▶ _Collected data entries_
***
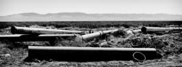 USA. Cantua Creek, California. 2022. Irrigation pipes.
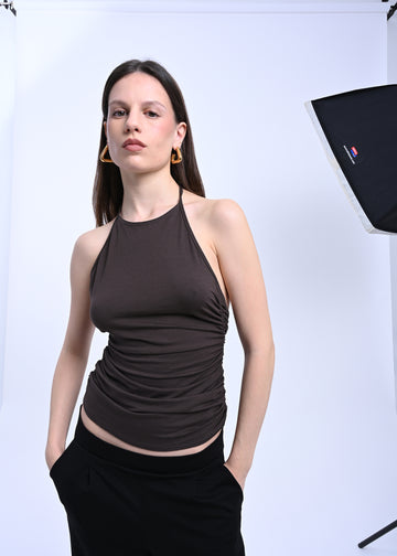 Brown top with halter neck tied at the back, open back, and gathered detailing at the sides.
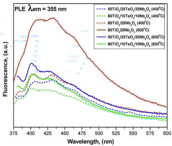Room-temperature emission PL spectra of the investigated samples heated at 400 and 600 °C are shown in Figure 6. Two obvious signals at 400 and 430 nm are observed, originating from the irradiative recombination of free electrons in shallow traps and sub-bands below the conductive band and free holes at the valance band edge [44,45,46]. The shape of the spectra is similar for all samples, indicating that the addition of different TeO2 and Nb2O5 amounts to TiO2 does not induce new emission phenomena. It is obvious that the samples heat-treated at a higher temperature (600 °C) exhibited stronger PL signals. As mentioned above, the intensity of the spectra results from both the recombination of electron–hole pairs (the lower the intensity, the lower the recombination) and the presence of lattice defects or oxygen vacancies (the higher the intensity, the greater their number) [47,48,49]. Generally, the intensities of the two PL signals are reduced in samples containing lower Nb2O5 amounts, except those in sample A, which did not contain TeO2. Perhaps its presence decreases the recombination rate of photogenerated electron–hole pairs. Therefore, the binary 80TiO2/20Nb2O5 is expected to exhibit promoted activity in photocatalytic tests. It is also noticed that samples containing 20 and 25 mol% Nb2O5 showed stronger signals at 400 nm, which is probably due to the presence of oxygen vacancies [50]. For all samples, the main emission band is around 400 nm, and according to Tam et al. [51], this can be attributed to the indirect band-to-band transition of electrons in TiO2. On the other hand, this short-wavelength PL could be ascribed to the near-band gap emission of Nb2O5 [1,50]. The other PL emission band (430 nm) could be ascribed to the structure defects [1,40].
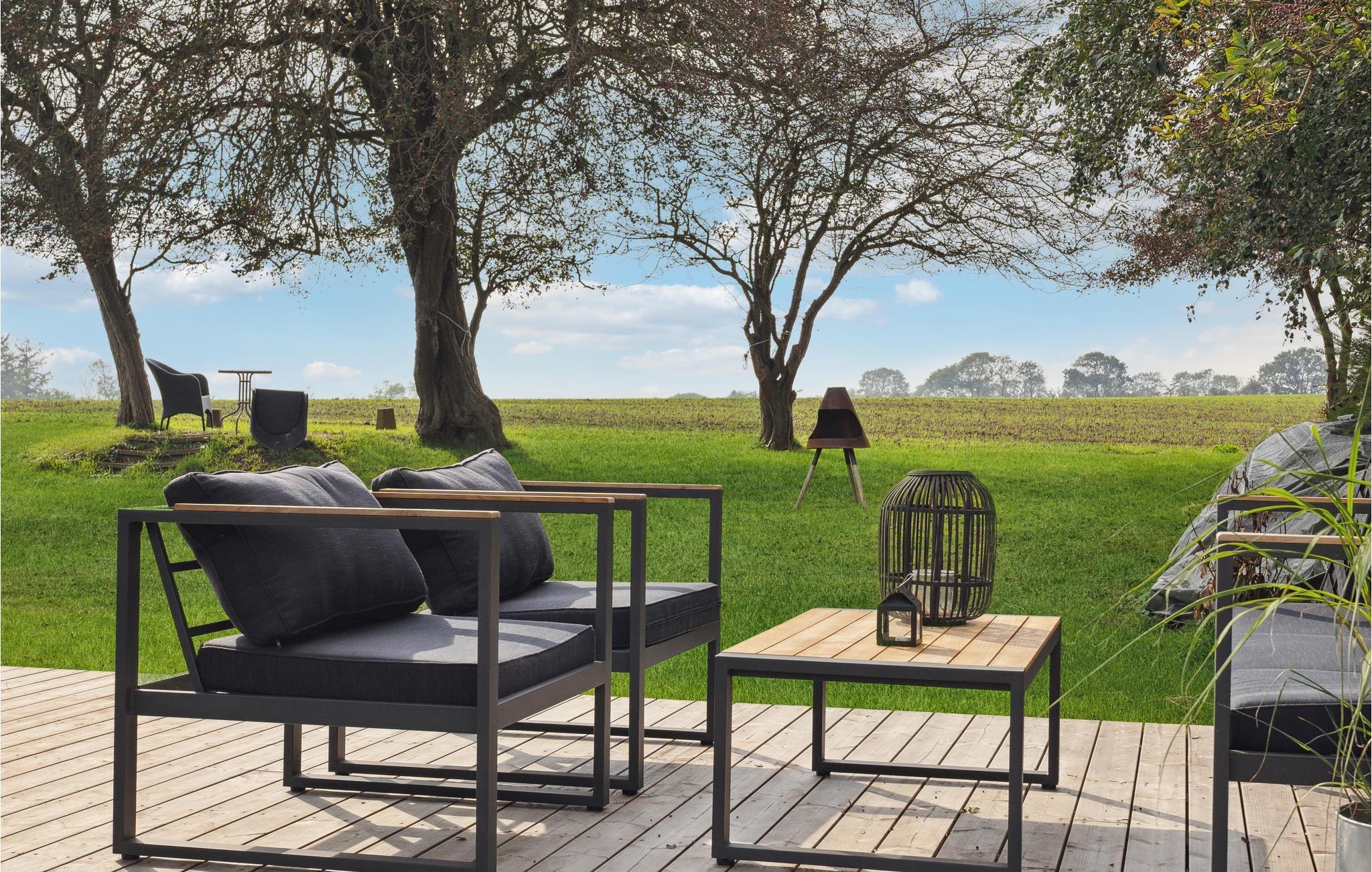 I kan også se frem til et dejligt udeliv på ferien. Rundt om huset er der en velholdt grund med gode forhold til, at børnene kan løbe og lege. På de lune sommerdage kan I gøre klar til dagens måltider på den læfyldte terrasse ved huset. I kan også finde jer til rette på den lille ekstraterrasse ud til markerne med en kop kaffe eller et glas vin sidst på dagen.
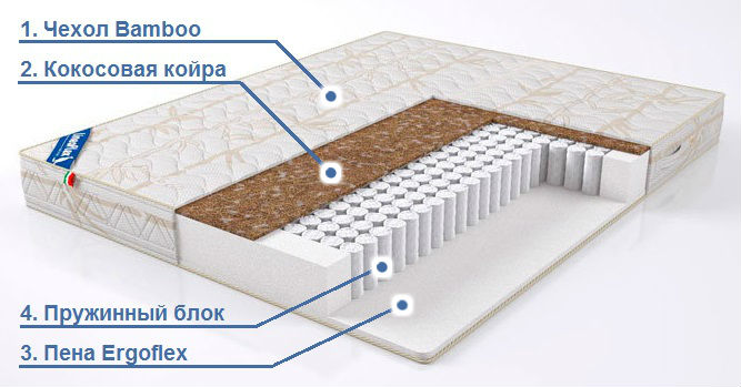 2. Кокосовая койра (1 см). Натуральный наполнитель, пропитанный латексом, уже много лет является основным материалом в конструкции матрасов. Такая популярность объясняется высокой упругостью и прочностью при высоких нагрузках. Кокосовые плиты помогают позвоночнику принять естественное положение, избавляют вас от болей в спине и шее.
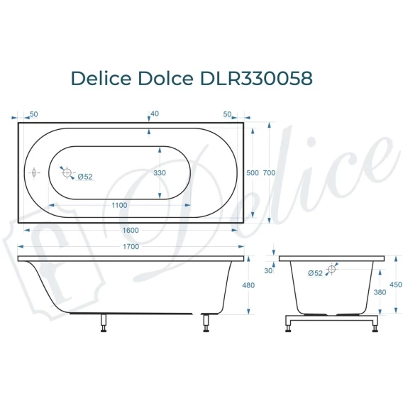 Размерный ряд ванны из литьевого мрамора Delice Dolce: 170х70, 170х75 и 170х80 см.
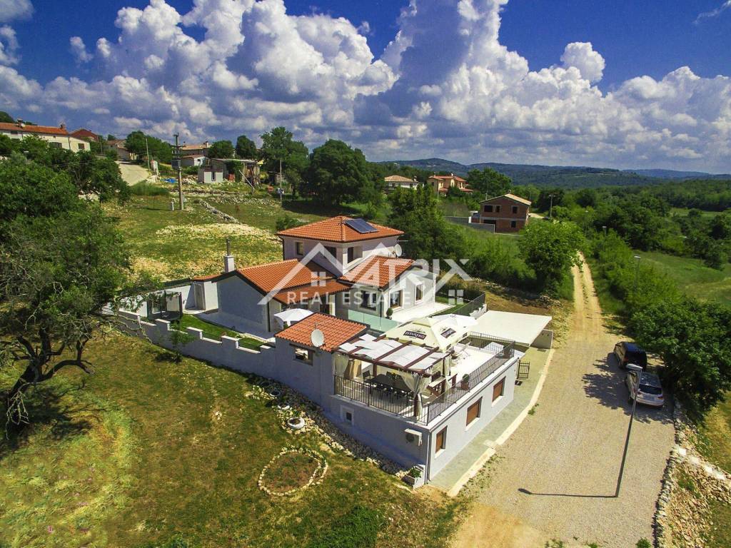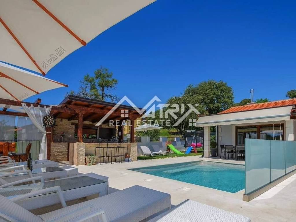 Moderni sadržaji uključuju solarno grijanje s električnom pumpom za vodu, centralno grijanje putem kamina i klima uređaje u svakoj sobi za potpunu udobnost. Vila također ima tri natkrivena parkirna mjesta, alarmni sustav s kamerama i automatsko navodnjavanje travnjaka.
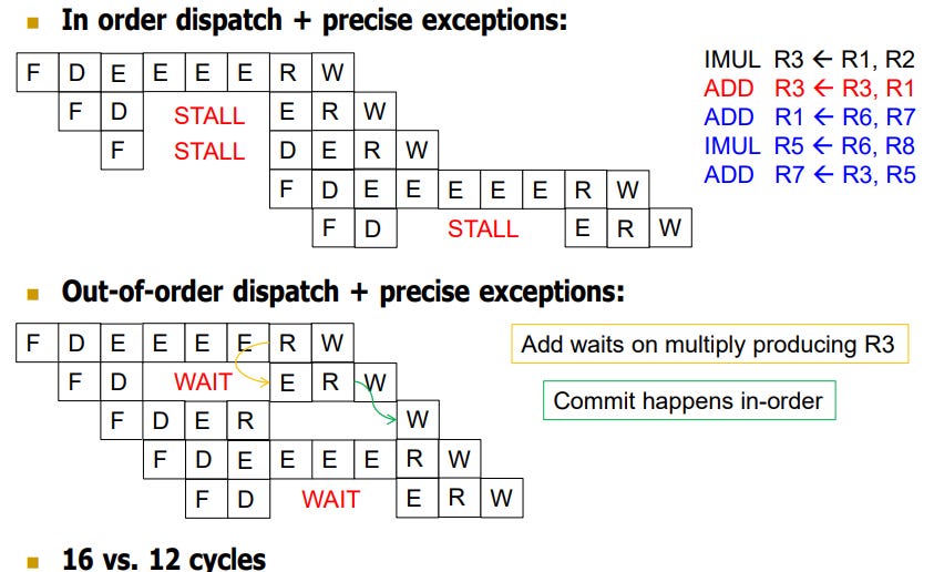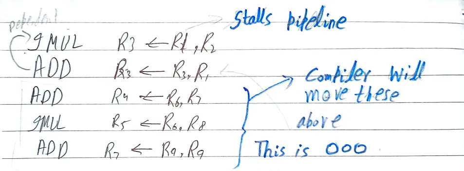 IMUL instruction stalls the pipeline as the next instruction ADD is dependent on results of r3. In OOO the compiler will move the other 3 instructions above as they are independent and process them first.
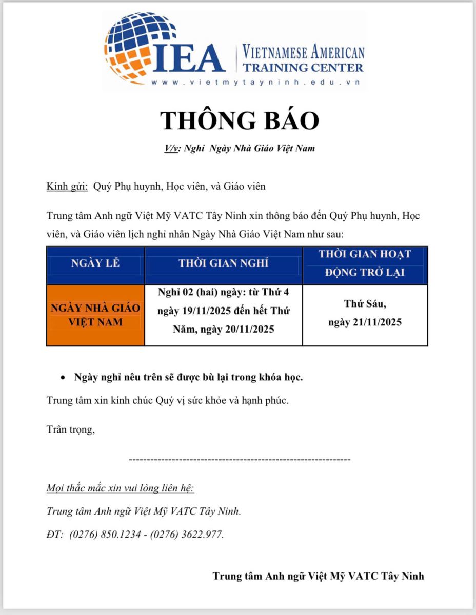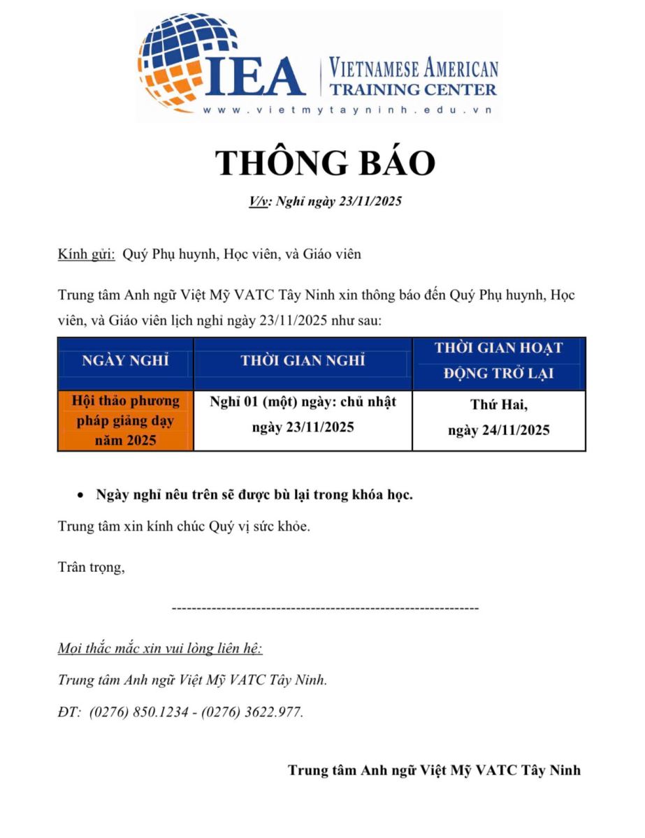 Nghỉ 3 ngày: 19-20/11/25 và 23/11/25
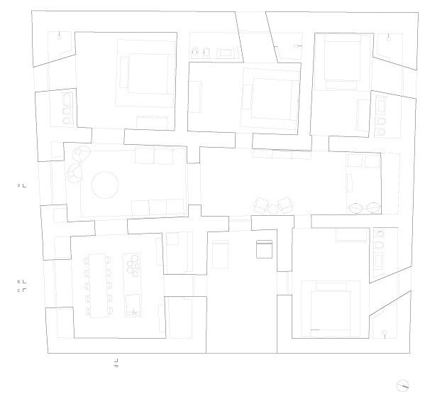 Vzdušný interiér prázdninového domu tvoří čtyři ložnice sloužící jako jednotlivé apartmány a mramorová kuchyň. V pokojích je umístěno jen pár základních kusů pečlivě vybraného nábytku a bytových doplňků. O to lépe designové předměty vyniknou na pozadí čistě bílých stěn.
***
▶ _ASSIGNMENT_
Only the lines from the one that holds "Размерный ряд ванны" through the end of the records above should be printed again, exactly as they are. Leave out the pictures.

▶ _RESPONSE_
 Размерный ряд ванны из литьевого мрамора Delice Dolce: 170х70, 170х75 и 170х80 см.
 Moderni sadržaji uključuju solarno grijanje s električnom pumpom za vodu, centralno grijanje putem kamina i klima uređaje u svakoj sobi za potpunu udobnost. Vila također ima tri natkrivena parkirna mjesta, alarmni sustav s kamerama i automatsko navodnjavanje travnjaka.
 IMUL instruction stalls the pipeline as the next instruction ADD is dependent on results of r3. In OOO the compiler will move the other 3 instructions above as they are independent and process them first.
 Nghỉ 3 ngày: 19-20/11/25 và 23/11/25
 Vzdušný interiér prázdninového domu tvoří čtyři ložnice sloužící jako jednotlivé apartmány a mramorová kuchyň. V pokojích je umístěno jen pár základních kusů pečlivě vybraného nábytku a bytových doplňků. O to lépe designové předměty vyniknou na pozadí čistě bílých stěn.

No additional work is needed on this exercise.